#### TASK OBJECTIVE
From the first line to the last, copy the listing exactly and omit the images.

#### PROVIDED MATERIAL
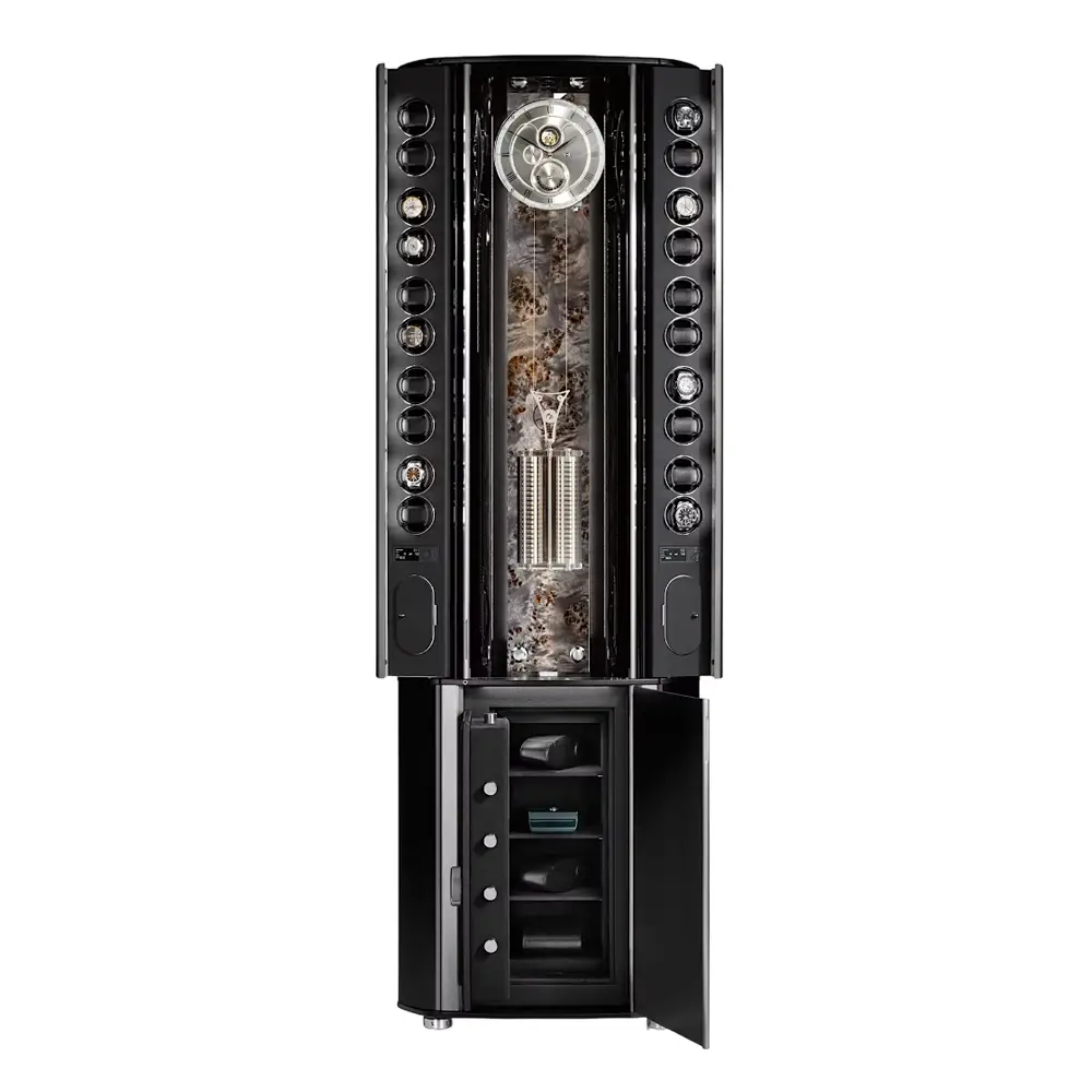 Trezor disponuje certifikací VdS/ECB•S, což zaručuje nejvyšší bezpečnostní standardy. Interiér je mistrovsky zpracován – jemné čalounění, prémiové dřevěné a kožené prvky, a především inteligentní LED osvětlení, které při otevření stylově nasvítí celý obsah. Součástí jsou i integrované natahovače hodinek (watch windery), díky nimž budou vaše luxusní hodinky vždy připravené k nošení.
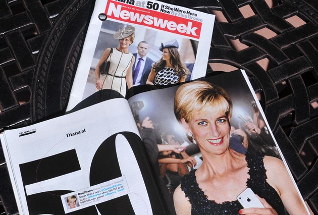 Týdeník Newsweek vytvořil obrázek stylově oblečené princezny Diany, která zahynula 31. srpna 1997 při automobilové nehodě v Paříži. Na jedné fotografii kráčí po boku své snachy, vévodkyně z Cambridge Catherine.
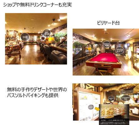フリードリンクコーナーやビリヤード・ダーツ台を発見したり、手作りの無料デザートや世界のバスソルトバイキングを発見するなど、さまざまな特長に触れてもらうことで、ホテルバリアンリゾートの良さをしってもらえるコンテンツになっています。
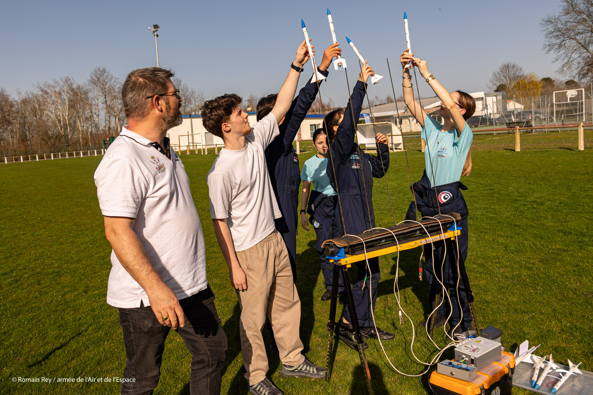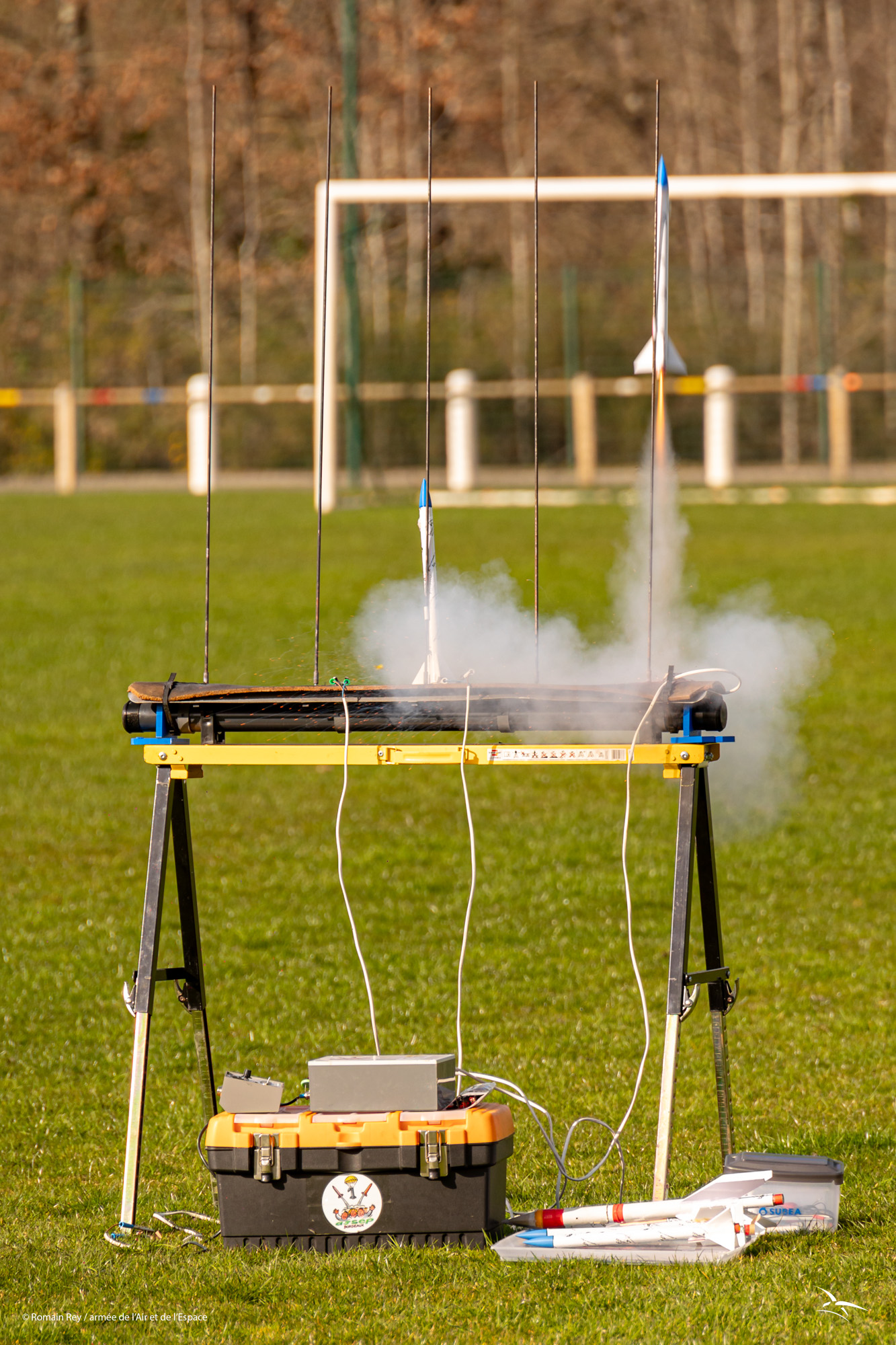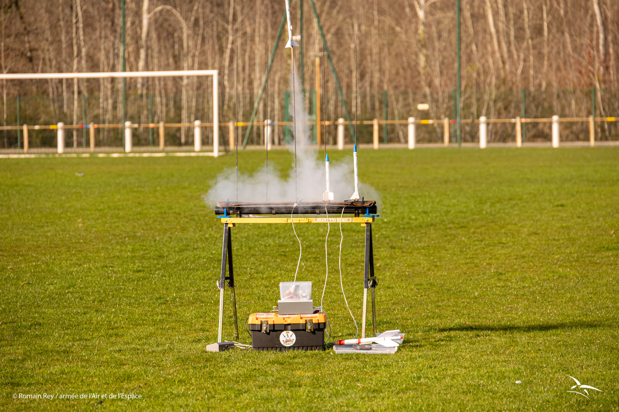 Les « Equipiers » de l’EAJ sont venus tester leurs fusées construites il y a quelques semaines.

#### ANSWER SPACE
 Trezor disponuje certifikací VdS/ECB•S, což zaručuje nejvyšší bezpečnostní standardy. Interiér je mistrovsky zpracován – jemné čalounění, prémiové dřevěné a kožené prvky, a především inteligentní LED osvětlení, které při otevření stylově nasvítí celý obsah. Součástí jsou i integrované natahovače hodinek (watch windery), díky nimž budou vaše luxusní hodinky vždy připravené k nošení.
 Týdeník Newsweek vytvořil obrázek stylově oblečené princezny Diany, která zahynula 31. srpna 1997 při automobilové nehodě v Paříži. Na jedné fotografii kráčí po boku své snachy, vévodkyně z Cambridge Catherine.
フリードリンクコーナーやビリヤード・ダーツ台を発見したり、手作りの無料デザートや世界のバスソルトバイキングを発見するなど、さまざまな特長に触れてもらうことで、ホテルバリアンリゾートの良さをしってもらえるコンテンツになっています。
 Les « Equipiers » de l’EAJ sont venus tester leurs fusées construites il y a quelques semaines.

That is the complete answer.